Below, I walk through some of the default metrics, so you know what they are, and which ones to monitor. The intended audience for this article are developers writing Dropwizard applications or those who administrate Dropwizard applications.
Counters
Counters are the easiest to understand, they are a key-value pair where each value is a number that is incremented or decremented. I would not recommend relying on any of the shown counter metrics for much of anything because they only represent the state of the program at an instant, which “lose” information between each time the metric is queried. For instance, an app samples metrics every second and services 10 requests per second and can complete each request in 10ms will always show 0 and occasionally 1 for the following counters.
Reasoning: If the requests were served one after right after the other
serially, then the total time to serve responses is 100ms (10 requests * 10ms). 100ms is 0.1 of 1 second, so there’d be about a 10% chance of a
counter showing 1
. Since requests don’t come all at once and they are
processed in parallel, this calculation isn’t entirely accurate but the
conclusion remains the same.
In the end, these counters may be misleading because of underestimation. If these counters show rapid growth, then you’re in trouble.
io.dropwizard.jetty.MutableServletContextHandler.active-dispatches: How many requests are being currently being handled by threads dedicated to Jetty.
io.dropwizard.jetty.MutableServletContextHandler.active-requests: The number of
requests currently being serviced at that instant. When a request first comes
into the application, this counter is incremented and after the server has
handled the request, this is decremented. active-suspended + active-dispatches = active-requests
io.dropwizard.jetty.MutableServletContextHandler.active-suspended: How many
requests are currently suspended. An app that doesn’t take advantage of
Jersey’s Asynchronous Server API will always have a value of 0 and
active-requests=active-dispatches
.
To clarify the difference between active-requests
and active-dispatches
,
once a requests is suspended, it is no longer considered dispatched and
dispatch is decremented. Once the suspended request resumes, dispatch is
incremented again until the response is served.
Gauges
Gauges are slightly different than counters. Instead of incrementing or decrementing, guages report a single value, but this value is not necessarily a number, though most of the time they are.
Direct and mapped buffers
There are two types of buffer metrics: direct and mapped, and each of them have a count, capacity, and used. These metrics are probably one the least useful metrics for the average application, but if an application uses a lot of these buffers it may be good to monitor them.
Memory
Monitoring the JVM memory usage is important to know when memory leaks occur or
when more memory should be allocated to the service. To understand the metrics
better, it is worth noting the difference between heap and non-heap memory.
Heap memory is where class and array instances are kept.
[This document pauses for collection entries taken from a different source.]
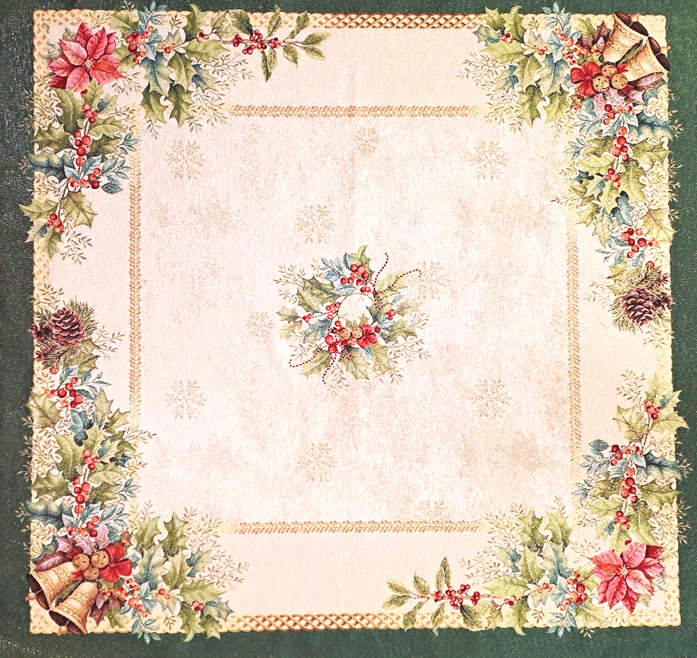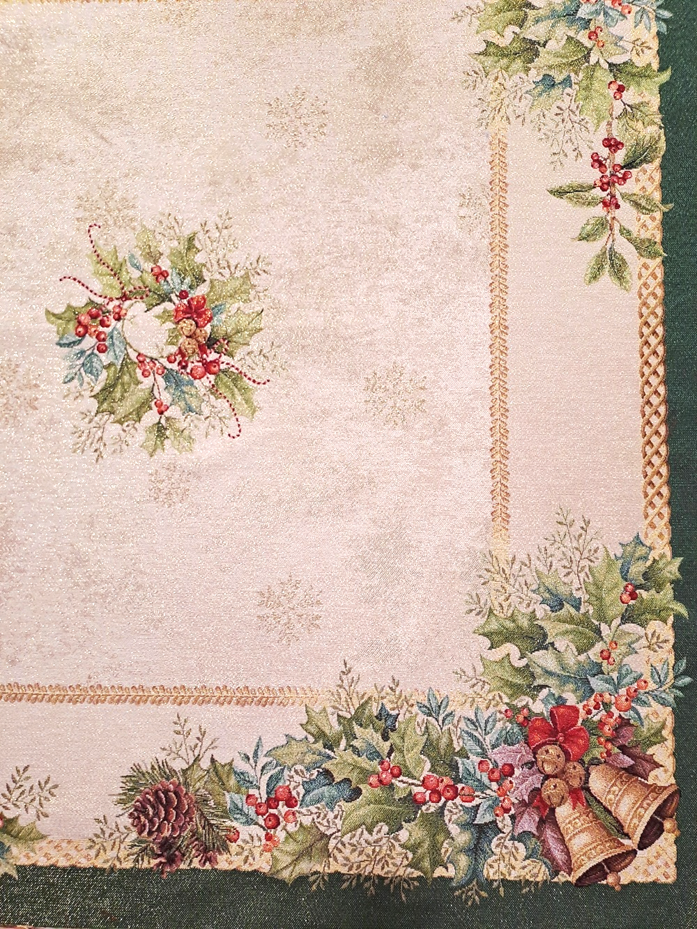 Este o față de masă din țesătură tip goblen crem cu Crăciunițe și clopoței în chenar verde.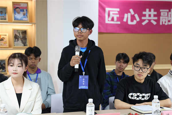 “您认为如果我们过来中国留学,需要做些什么准备工作?“你们对泰国人的印象如何?”“泰国人见面时的‘合十礼’有什么讲究?不同场合动作会不同吗?”……在“共话友谊”环节,中泰学生代表围绕中泰文化、生活、技能学习等方面积极发言,双方还就彼此感兴趣的话题展开深入交流。中方学生好奇泰国的学生社团、美食、流行文化等,泰方学生则对中餐礼仪、留学事宜、实习机会等问题踊跃提问,互动频繁,加深了对两国文化和教育的理解,也增进了对彼此学习生活和文化习俗的认识。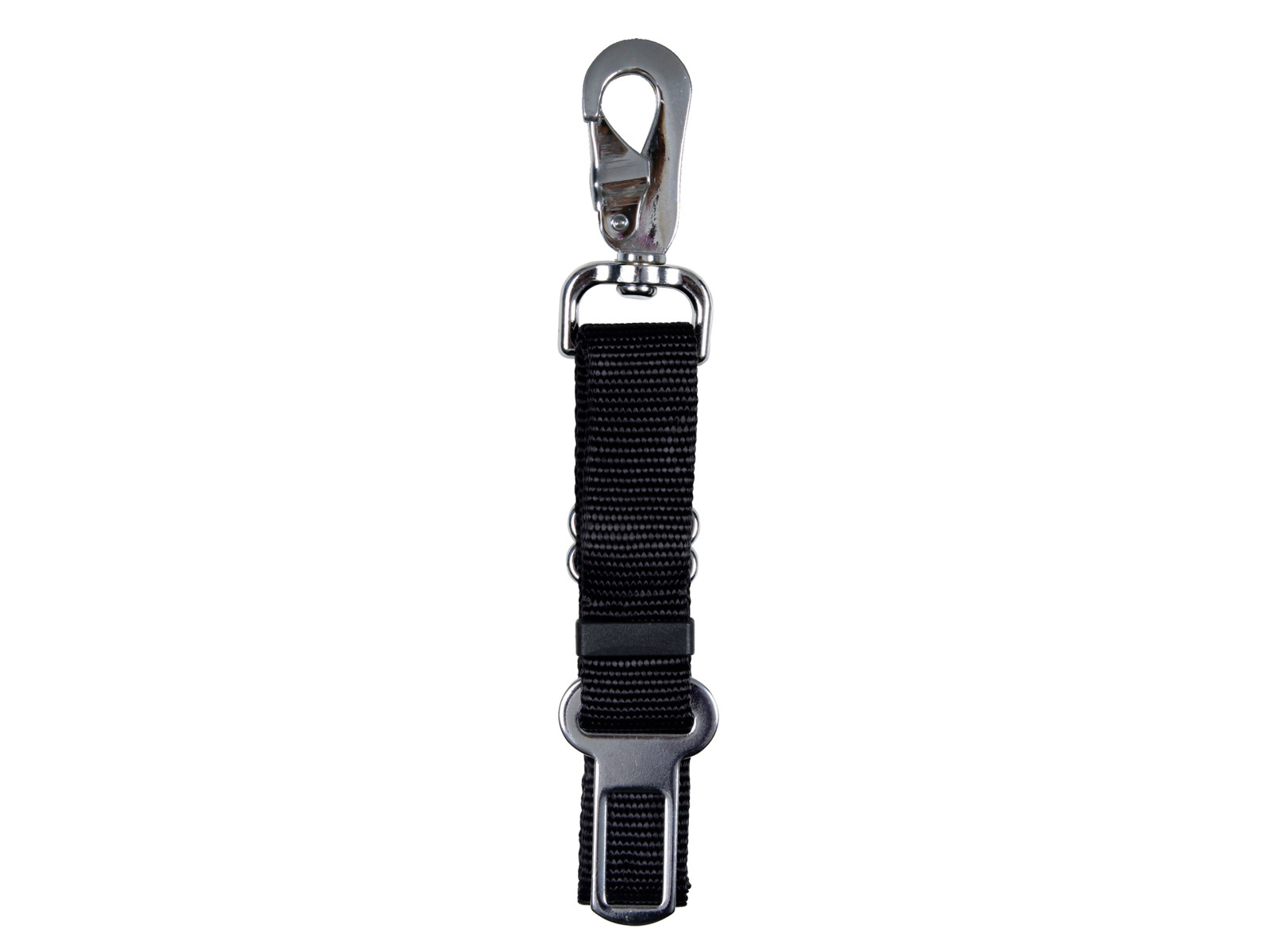 Seleholder til at spænde hundes sele fast i bilens indbyggede seleholder.Vær opmærksom på at seleholderen ikke passer til alle biler, så læg mærke til om spændet på seleholderen passer med spændet på bilens indbyggede seler.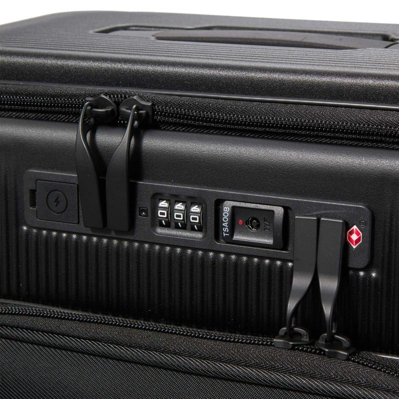 ロックはダイヤルロックを採用。さらに、アメリカ方面への旅行時、鍵をかけたまま航空会社に荷物を預けることが可能なTSロックも搭載。また、ロック付近にはUSBポートもついているので、スマートフォン等を充電する際に便利。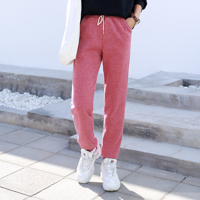 📚 秋冬新品外穿加绒运动裤女宽松加厚抓绒卫裤韩版休闲收口直筒长裤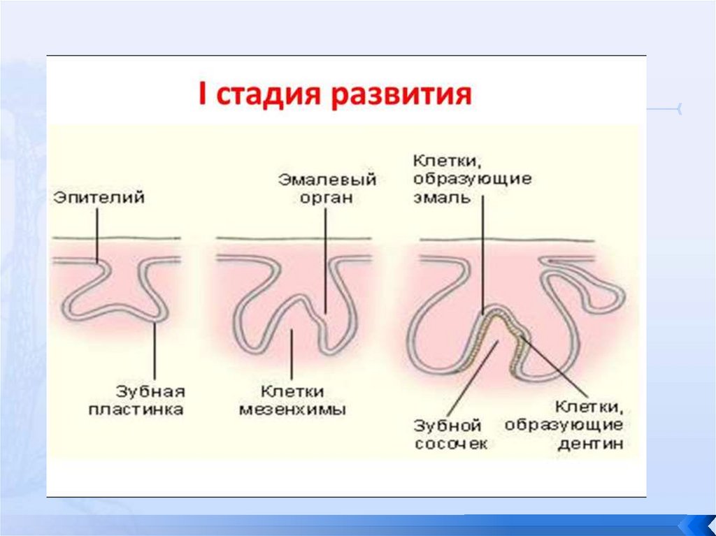 Зубы являются производными слизистой оболочкиротовой полости. Из эпителия слизистой оболочки

Non-heap memory is
where metadata about classes and methods, as well as where JIT optimizations
are stored. Dropwizard contains metrics on both sets of memory, but the one
that you need to pay the most attention to is heap.used
, as this metric will
show if there are any memory leaks because if this metric grows unbounded then
a leak exists.
For convenience and accuracy, I am going to quote official documentation heavily on interpretting different metric types. Quotes in this section come from the MemoryMXBean and MemoryUsage javadocs.
init
represents the initial amount of memory (in bytes) that the Java virtual machine requests from the operating system for memory management during startup. The Java virtual machine may request additional memory from the operating system and may also release memory to the system over time. The value of init may be undefined.
A useless metric. It is just the amount of memory asked for on start up. It has nothing to do with the application. I say this because the java version that I’m running several dropwizard applications on defaults to a heap size of 185MB, which as I’ll soon show, is a significant overestimation.
To see the default init heap size:
java -XX:+PrintFlagsFinal -version 2>&1 | grep InitialHeapSize
used
represents the amount of memory currently used (in bytes).
This metric will vary greatly based on the application, but for applications that don’t allocate that much, expect around 30MB of heap usage and non-heap. I have an application using 25MB of heap, yet since it initialized with 185MB, there is a large swath of free memory.
A related metric is the usage
metric, which measures used over the max amount
of memory the program can grow to. This is another metric that should be
watched with a careful eye. With the example numbers that I have given,
usage
is 1% for heap and 25% for non-heap.
comitted
represents the amount of memory (in bytes) that is guaranteed to be available for use by the Java virtual machine. The amount of committed memory may change over time (increase or decrease). The Java virtual machine may release memory to the system and committed could be less than init. committed will always be greater than or equal to used.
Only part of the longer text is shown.